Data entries

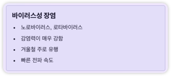 - 바이러스성 장염: 노로바이러스, 로타바이러스 등이 주요 원인. 감염력이 매우 강해 겨울철 유행.
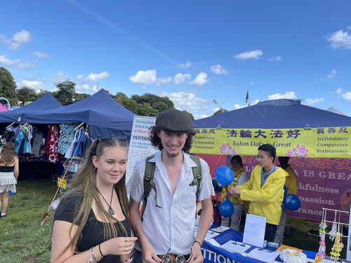 Edward came to the booth with his wife and daughter. He said that he lived in China for two and a half years and that the June Fourth protests and massacre [the CCP massacred students on Tiananmen Square on June 4, 1989] is a sad part of history. After listening to the practitioner describe the persecution, he thanked her and said he wanted to learn more about Falun Dafa. He said the values of Truthfulness, Compassion, and Forbearance were amazing and would benefit British society. The couple complimented the practitioners for what they were doing to help humanity.
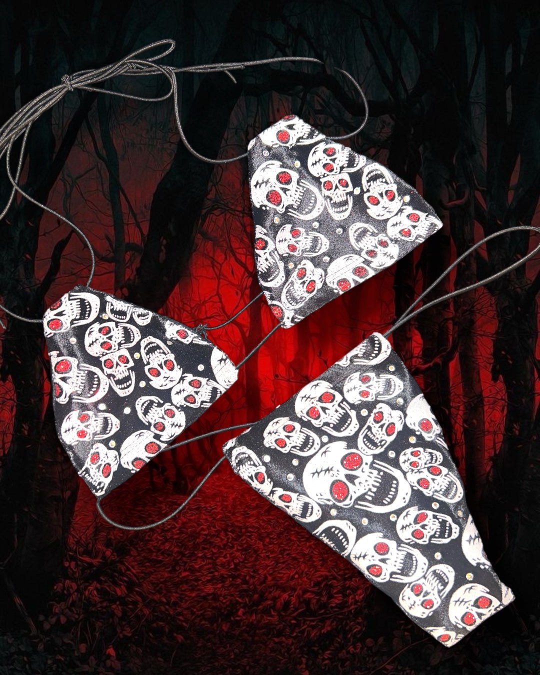 Micro bikini Skully — en tissu noir pailleté à motif tête de mort, sublimé de strass posés à la main. ☠️🩸
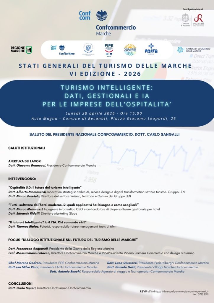 Si tratta di uno degli appuntamenti più rilevanti per il comparto turistico regionale. Gli Stati Generali del Turismo, promossi da Confcommercio Marche, con il patrocinio della Regione Marche e del Comune di Recanati, rappresentano da anni un momento strutturato di confronto tra imprese del settore, esperti, stakeholder e istituzioni sui temi chiave per lo sviluppo e la competitività dell’offerta turistica regionale. Sarà presente anche il direttore di Confturismo Confcommercio nazionale, Carlo Squeri. Un’occasione non solo di analisi, ma di costruzione condivisa di visioni e strategie, in un comparto sempre più esposto a cambiamenti rapidi e profondi.
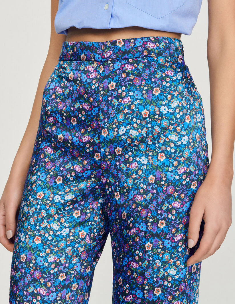 Pantalón satinado con estampado floral
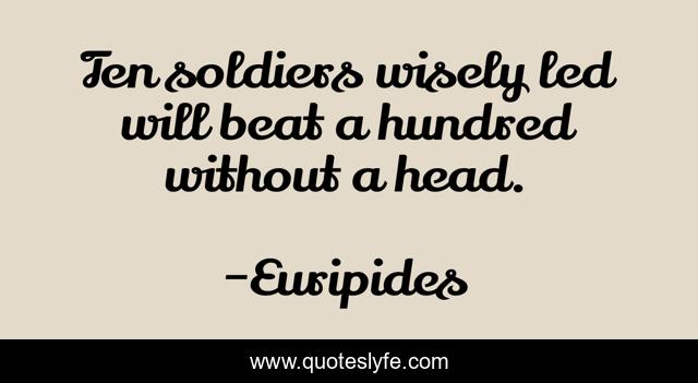 This page presents the quote "Ten soldiers wisely led will beat a hundred without a head.". Author of this quote is Euripides. This quote is about soldiers, head,.
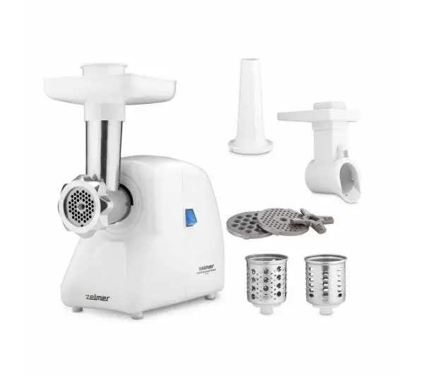 <h6>Niezawodna maszynka do mielenia mięsa</h6><h6>Sitka ze stali nierdzewnej</h6><h6>Komfortowe użytkowanie</h6><h6>Duża wydajność</h6><h2>Maszynka do mięsa ZMM2854B</h2> Moc znamionowa (W): 220Moc chwilowa (W): 1300Wydajność mielenia (KG/MIN): 1.5Metalowa komora mielenia: +Funkcja rewers: -Antypoślizgowe, gumowe nóżki: +<h2>Zelmer — tam, gdzie tradycja spotyka się z technologią.</h2><h4>2 rodzaje sitek</h4><p>Maszynka do mięsa Zelmer jest wyposażona w 2 sitka o dużych i małych oczkach. Pozwoli Ci to uzyskać odpowiedni stopień rozdrobnienia w zależności od potrawy, którą chcesz przygotować.</p><h4>Ostrze dwustronne</h4><p>Idealnie gładka masa na kotlety? Z maszynką Zelmer właśnie taka będzie! Za ten efekt odpowiada dwustronne ostrze, które dokładnie rozdrobni mięso, strączki czy warzywa.</p><h4>Szatkownica</h4><p>Dzięki maszynce do mięsa Zelmer przygotujesz nie tylko mielone na kotlety czy gołąbki! Dołączona szatkownica wyposażona w 2 rodzaje tarek (wiórki i do ziemniaków). Wygodne krojenie i ścieranie to więcej surówek i więcej zdrowia.</p><h4>Przystawka masarska</h4><p>Co powiesz na aromatyczną kiełbasę domowej roboty? Jeśli chcesz spróbować swoich sił w tradycyjnej produkcji, użyj specjalnej nasadki na maszynkę Zelmer, a mięso ułoży się w odpowiedni kształt.</p><h2>Akcesoria w zestawie</h2><p>Sito o dużych oczkach</p><p>Sito o małych oczkach</p><p>Przystawka do wyrobu kiełbasy</p><p>Szatkownica</p><p>Tarka- wiórki</p><p>Tarka do ziemniaków</p><p>Ostrze dwustronne</p><h4>Czy wiesz, że...</h4><p>Połącz ze sobą różne rodzaje mięsa, by uzyskać nowe, ciekawe wrażenia smakowe!</p><h2>Zainspiruj się</h2><h2>Skompletuj swój zestaw</h2><p>Blendery kielichowe</p><p>Tostery</p><p>ekspresy do kawy</p><p>maszynki do mięsa</p><p>Wagi kuchenne</p><p>OPIEKACZE DO KANAPEK</p><p>Niezmiennie ponad 50 lat pozostaje w naszych domach.</p>
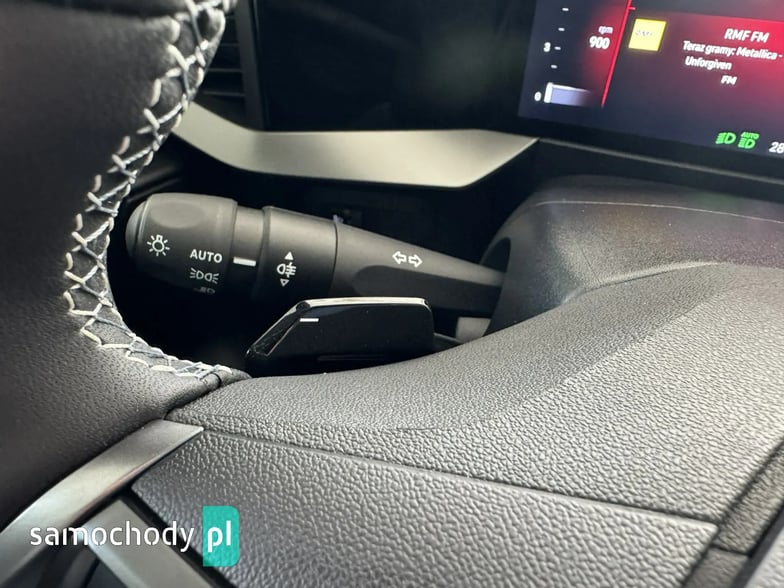 Sportowe koło kierownicy pokryte skórą ekologiczną, spłaszczone u dołu, z przyciskami sterowania
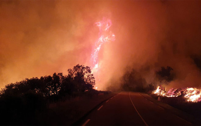 Σύμφωνα με τη νομαρχία Λαντ, η δασική πυρκαγιά βρίσκεται ακόμη σε εξέλιξη, αλλά η κατάσταση χαρακτηρίζεται βελτιωμένη τις τελευταίες ώρες. Όπως αναφέρει το δελτίο Τύπου, «μοιράστηκαν γεύματα και νερά σε όλους τους ταξιδιώτες» που είχαν αποκλειστεί, ενώ έγιναν οι απαραίτητες ενέργειες για να τους προσφερθεί προσωρινή φιλοξενία.

* _REQUIREMENT_
Exactly the lines from the line with "Sportowe koło kierownicy" through the end of the data are to be reproduced, and no picture is to be included.

* _ANSWER BOX_
 Sportowe koło kierownicy pokryte skórą ekologiczną, spłaszczone u dołu, z przyciskami sterowania
 Σύμφωνα με τη νομαρχία Λαντ, η δασική πυρκαγιά βρίσκεται ακόμη σε εξέλιξη, αλλά η κατάσταση χαρακτηρίζεται βελτιωμένη τις τελευταίες ώρες. Όπως αναφέρει το δελτίο Τύπου, «μοιράστηκαν γεύματα και νερά σε όλους τους ταξιδιώτες» που είχαν αποκλειστεί, ενώ έγιναν οι απαραίτητες ενέργειες για να τους προσφερθεί προσωρινή φιλοξενία.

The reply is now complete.